Have you ever made a mistake? Be it to a friend, family member, or even co-worker? If so, do you say sorry for the mistake that you made?

Young children acquire new behaviours through learning and/or observing the people around them, that is their natural instinct. That being said, parents who want their children to have a specific quality have to show said quality from a young age. Apologizing is a good way of teaching children to take responsibility for their actions.

As a parent, of course, you would want your children to have good morals, do what is right, and have the best qualities. This is why people teach their children how to conduct themselves as a member of a society or among their peers. But sometimes parents don’t do as they preach. There are parents who think saying sorry is a sign of weakness, especially to their children. This is wrong. Apologizing can be very rewarding as it relieves someone from the burden of their mistake and this should be taught to children by doing the same thing to them. To make a mistake is very normal, very natural. Those mistakes could be as simple as unintentional mistakes, white lies, or doing something impulsive.
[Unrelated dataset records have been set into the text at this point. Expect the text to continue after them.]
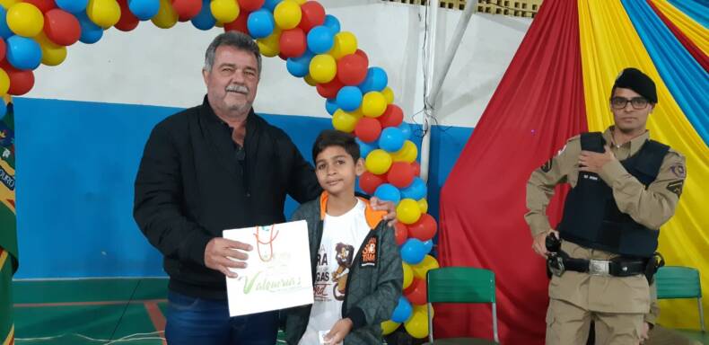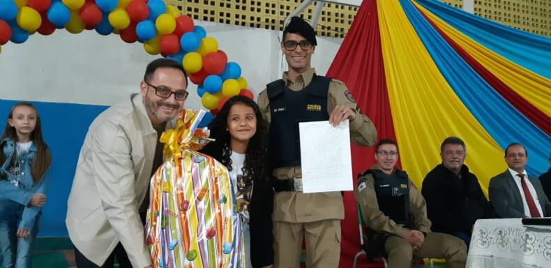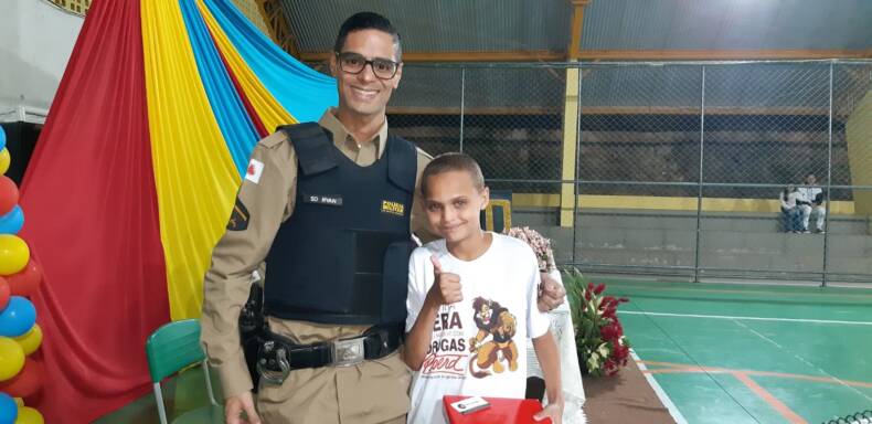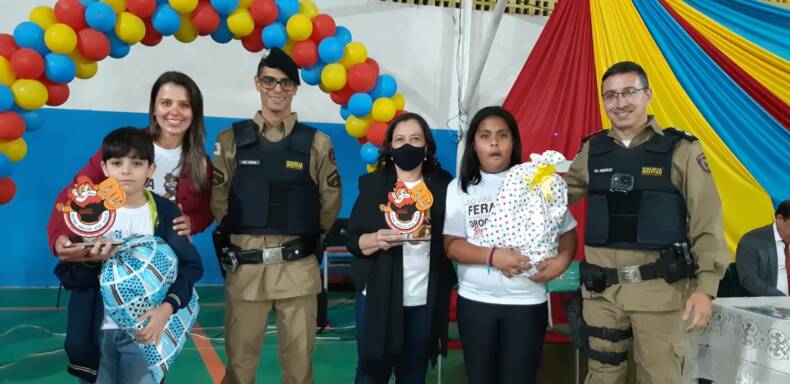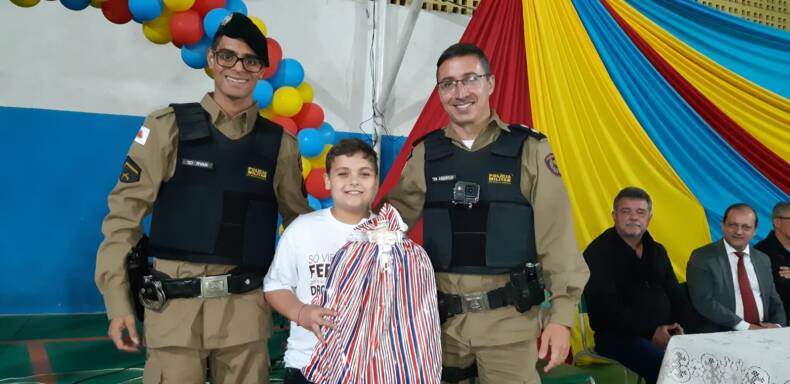 Como forma de reconhecer o bom comportamento, o comprometimento com as atividades propostas, bem como premiar aquele aluno que se destacou ao longo do programa – Proerd, foram entregues aos alunos o troféu proerdiano NOTA 10, os alunos: Maria Clara Alves, da Escola Municipal Desembargador Alberto Luz e aluno Antônio Pedro de Oliveira Campo, da Escola Municipal Doutor Olavo Tostes. No final os proerdianos receberam a visita do amigão da garotada, o mascote do Proerd – Darem.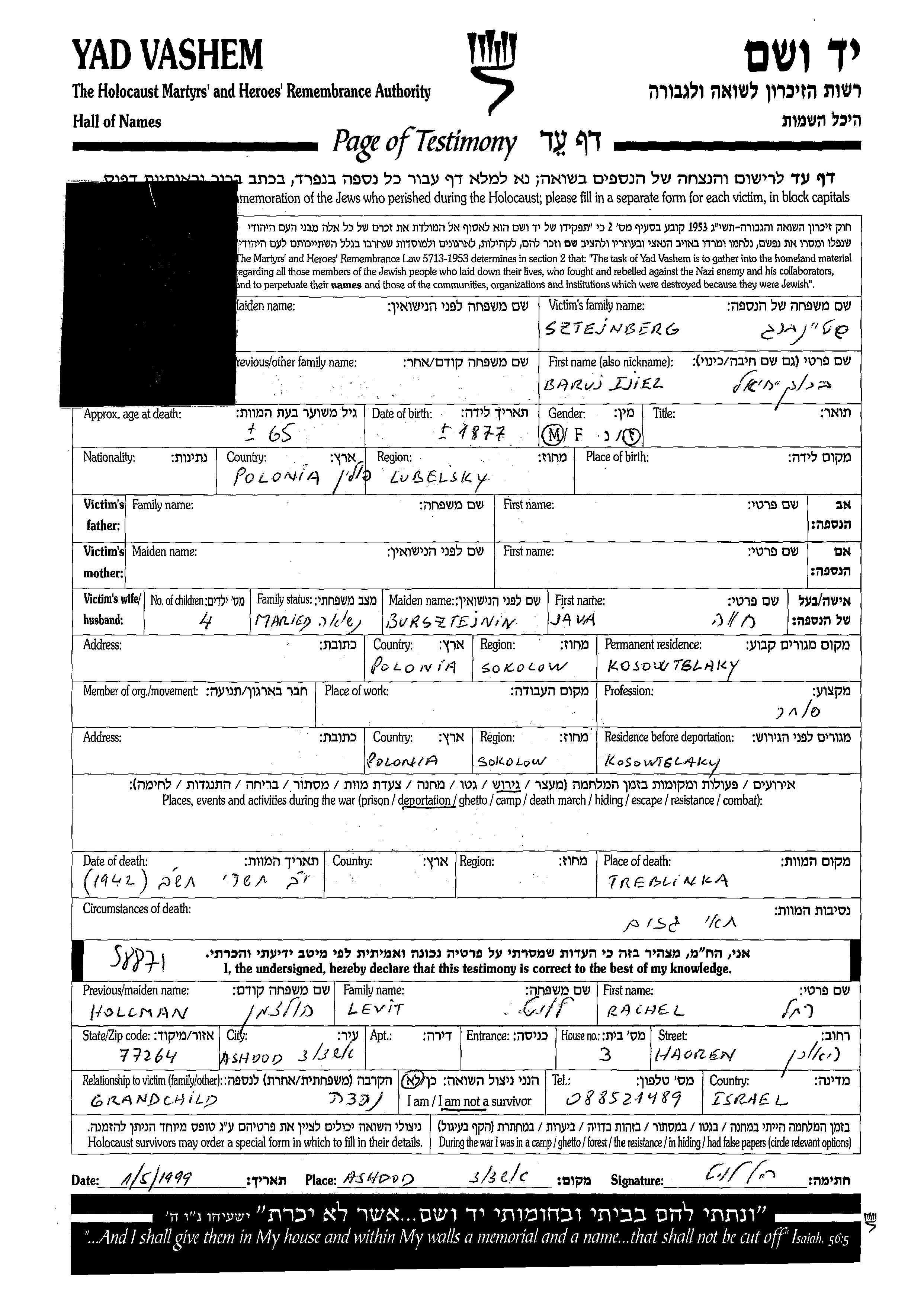Stadt/Ortschaft oder Lager/Ghetto oder Bezirk/Region oder Land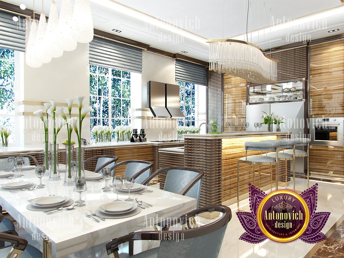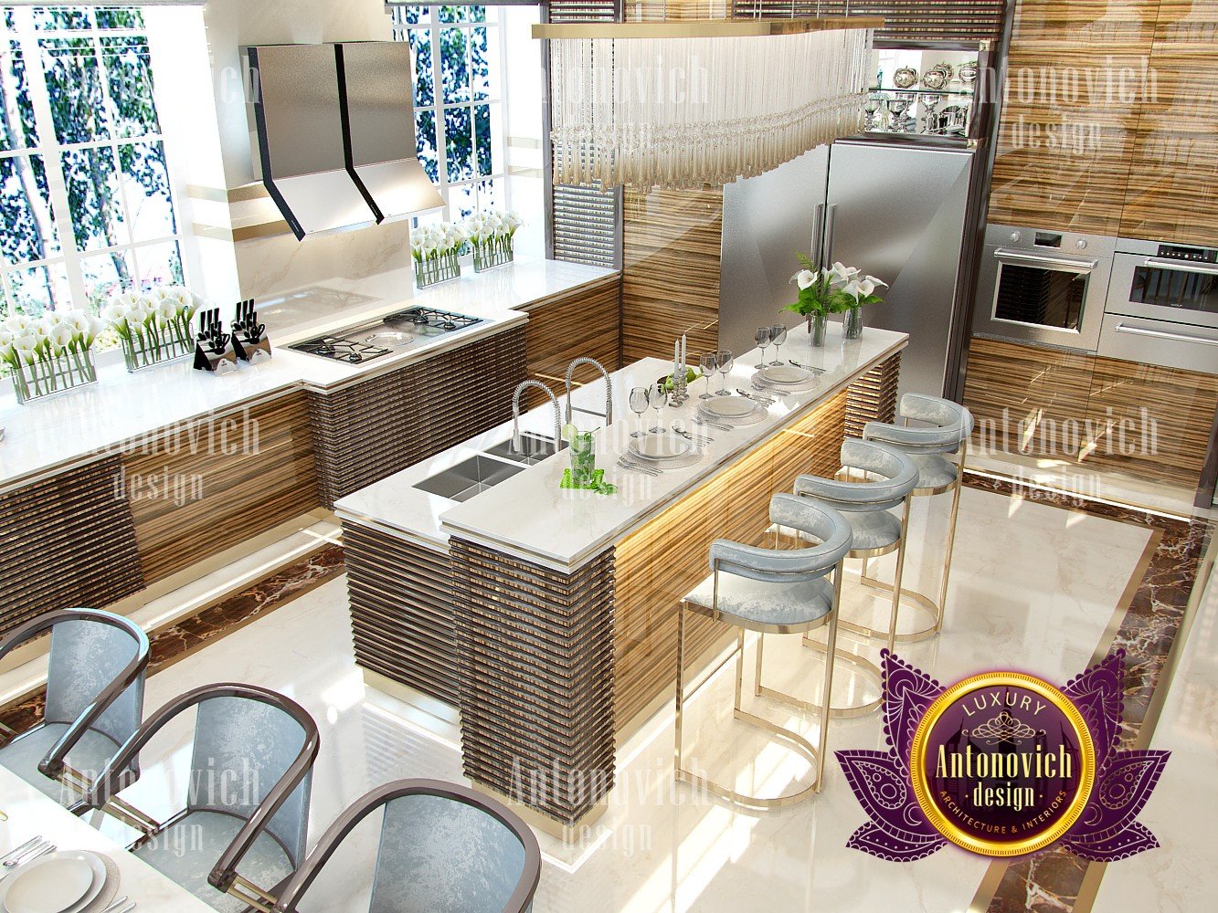 Эта кухня — пример современный дизайн кухни, остающийся тёплым и гостеприимным. Использование натуральных материалов в интерьере, таких как дерево, создаёт более деревенский, но изысканный характер. Мраморная отделка пола обеспечивает практичное, простое в уходе покрытие — идеальное для активной кухни. Дерево подчёркивает золотые и белые оттенки стен, придавая пространству вечную и ненавязчивую элегантность. Компания продумала сочетание мрамора и дерева, чтобы обеспечить более сбалансированный стиль для дома. Привлекательность кухни усиливается за счёт открытого острова — кухня с островом в современном стиле часто становится центром оформления и общения в доме.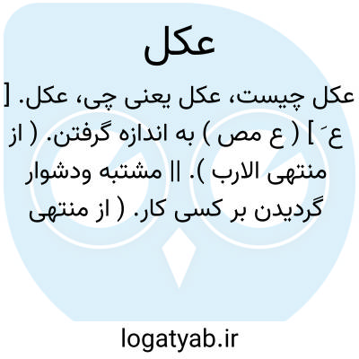عکل. [ ع َ ] ( ع مص ) به اندازه گرفتن. ( از منتهی الارب ). || مشتبه ودشوار گردیدن بر کسی کار. ( از منتهی الارب ) ( از اقرب الموارد ). || به رای خود دریافتن. ( از منتهی الارب ). به رای خویش گفتن. ( تاج المصادر بیهقی ) ( ازاقرب الموارد ). || به گمان گفتن. ( از منتهی الارب ). حدس زدن. ( از اقرب الموارد ). || فراهم آوردن. ( از منتهی الارب ). جمع کردن چیزی را پس از متفرق بودن آن. ( از اقرب الموارد ). || راندن، یا سخت راندن شتر را. ( از منتهی الارب ) ( از اقرب الموارد ). || بستن زانوی شتر، و یا بازو بستن هر دو دست شتر را. ( از منتهی الارب ). یک پای شتر بستن. ( تاج المصادر بیهقی ). «رسغ»؛ دست شتر را با ریسمان به بازوی او بستن، و چنین ریسمانی را «عکال » گویند. ( از اقرب الموارد ). || بازداشتن و بند نمودن. ( از منتهی الارب ) ( از اقرب الموارد ). || بازگردانیدن. ( از منتهی الارب ). || برزمین زدن. ( از منتهی الارب ) ( از اقرب الموارد ). || رخت بر هم نهادن. ( از منتهی الارب ). چیدن کالا بر همدیگر. ( از اقرب الموارد ). کالا بر هم نهادن. ( تاج المصادر بیهقی ). || مردن. || کوشش کردن در کار. ( منتهی الارب ) ( از اقرب الموارد ).

What counts is what you do after making a mistake.

Making a mistake and apologizing for it could make oneself feel ashamed of their actions. But with the lack of apology, children would believe that they are incapable of making mistakes, or even that it is unnatural for a person to make a mistake. What parents don’t realize is that if children are taught to apologize at a young age, they would have better development of empathy and they would have a better relationship with their children. Because when parents did something wrong and would not apologize, that could potentially leave a lasting scar for their children that they could remember for a long time. What children would learn from parents who are unwilling to apologise is that people of higher power don't have to apologise when they do something wrong and the people who love you and you love have the potential to hurt you. These kinds of thoughts could create trauma or trust issues that would last until adulthood.

How parents convey their apologies is also important. From a very young age, children should not be shamed for having feelings and their own thoughts on things and to express their feelings. Sometimes parents would discount children’s feelings by calling them ‘over-exaggeration of their feelings’, they act as if children’s feelings are not as was told. No matter how downplayed or exaggerated their expression of their feelings are, do not undermine their feelings and joke about it. This should not affect parents’ deftness in handling their children’s feelings. Which is another point, apologize as soon as possible, don’t take too long to approach your children and express how sorry you are. Children might not understand why you are apologizing so it is important to explain why you said sorry so that children would understand which behaviour was not good and so that they would not do the same behaviour.